A recently published randomized controlled trial sought to investigate whether ECMO support is beneficial in patients with MI complicated by cardiogenic shock [46]. Four hundred and seventeen patients were included in the final analyses. The authors could not show a survival benefit at 30 days in the ECMO group compared to the control group. Bleeding occurred significantly more often in the ECMO group, which is consistent with the current literature and may have at least partly contributed to the fact that ECMO support was not superior to the standard of care. In their study, the investigators did not focus on blood biomarkers, which was a focus in our study. Even though, according to the recent randomized controlled trial, ECMO support does not appear to confer a survival benefit in this patient group, increased PCT levels seem to portend a worse clinical outcome. However, whether PCT is a marker of the increased risk for adverse events or a marker of inflammation (potentially a modifiable factor) remains to be elucidated.
Limitations
Certain limitations should be kept in mind. As this was a retrospective analysis, all the limitations pertinent to retrospective studies, including selection bias, also apply. Moreover, differentiating whether the presence of an infection or the actual illness causes a change in the levels of biomarkers, especially PCT levels, in critically ill patients is challenging.
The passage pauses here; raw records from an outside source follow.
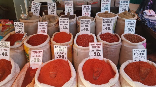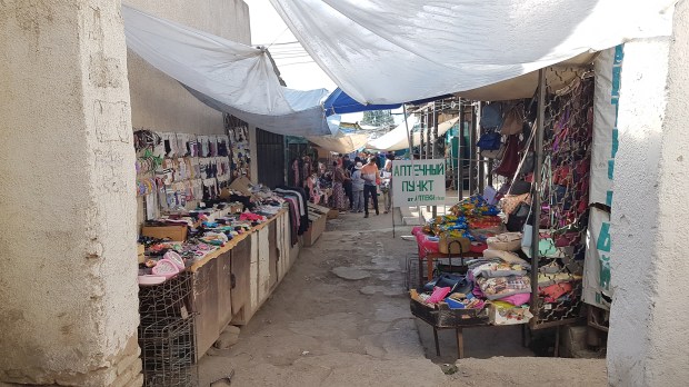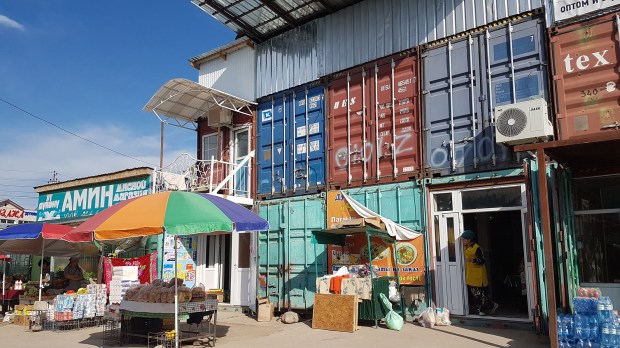 Der Große Basar ist im Vergleich zum Osh-Basar in Bishkek natürlich eher klein. Zudem sind viele Läden in wenig ansprechend in Containern verstaut.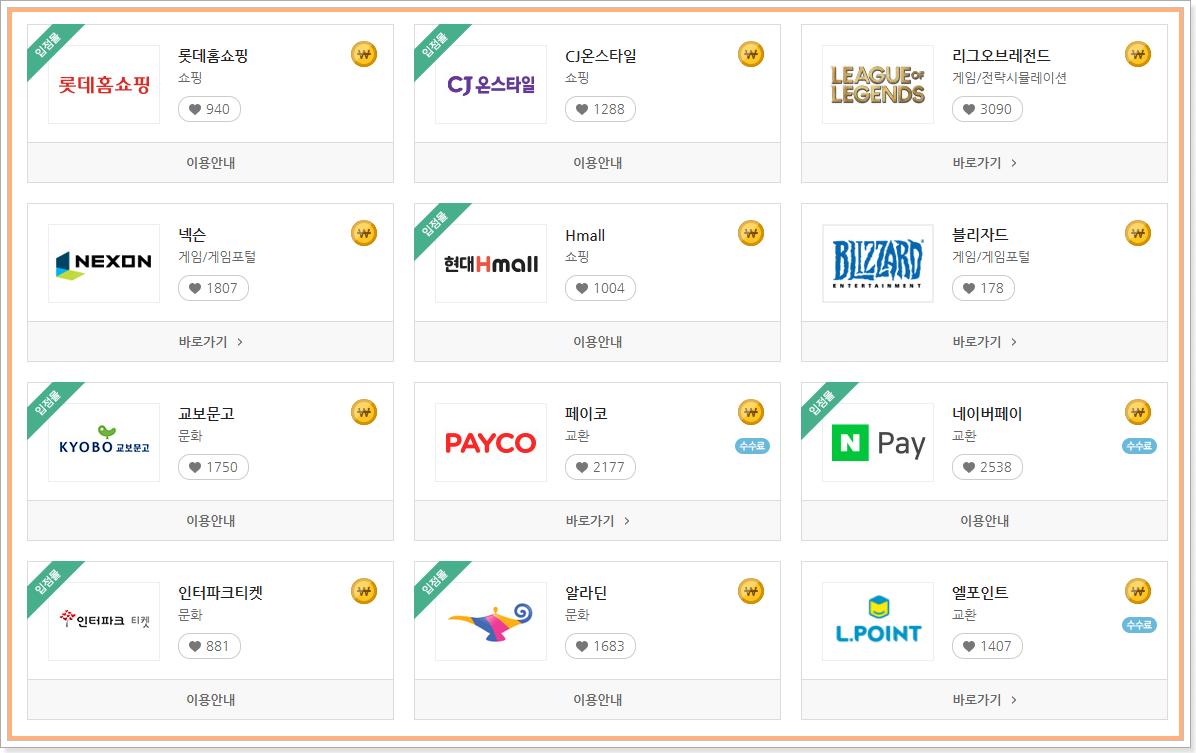 아래에 사용처는 일부에 불과하고 직접 검색을 해보시면 더 많은 사용처를 아실 수 있습니다. 총 119개의 온라인사용처를 확인하실 수 있습니다.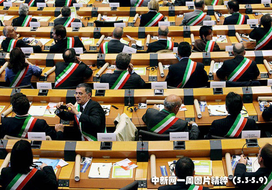5月4日周二,在布魯塞爾召開的歐洲議會市長會議上,一名市長為同事們拍照。

The levels of fibrinogen, platelets, hemoglobin, and antithrombin were not evaluated in greater detail, as the substitution of blood and coagulation products could have influenced the measured levels. Even though this is a large study addressing patients with acute MI complicated by cardiogenic shock undergoing ECMO therapy, it is not possible to completely exclude the potential effect of missing data. This may hold especially true, as we were not able to analyze other parameters that may have an impact on the patient outcome (kidney failure, the need for continuous renal replacement therapy, all potential comorbidities, thrombolysis in myocardial infarction III (TIMI III) flow, localization of myocardial infarction, antiplatelet therapy received, troponin level, etc.) [47,48]. However, we sought to objectify the degree of sickness in our study population using the SOFA and SAPS III scores. Moreover, it may be quite challenging to discriminate potential complications of the underlying illness from ECMO-related adverse events. Finally, we analyzed ECMO outcomes over a period of more than ten years. As therapy for MI has evolved substantially during this time span, patients have likely been included in this analysis who potentially received different therapies. However, sensitivity analysis did not show significant differences in outcomes over the years.
5. Conclusions
We provide a study focusing on the time course of the most common inflammatory blood biomarkers and their role in the outcome of ECMO patients with MI-associated cardiogenic shock. Non-survivors had increased blood levels of PCT starting from day one of ECMO support, which remained increased throughout the observation period. The multivariate model identified PCT as a blood biomarker with increased hazard ratios for mortality. Regarding adverse events, ECMO support was frequently complicated by bleeding and thromboembolic events, with an overall ICU mortality rate of 43%. Future studies are needed to show the role of PCT in patients receiving ECMO support.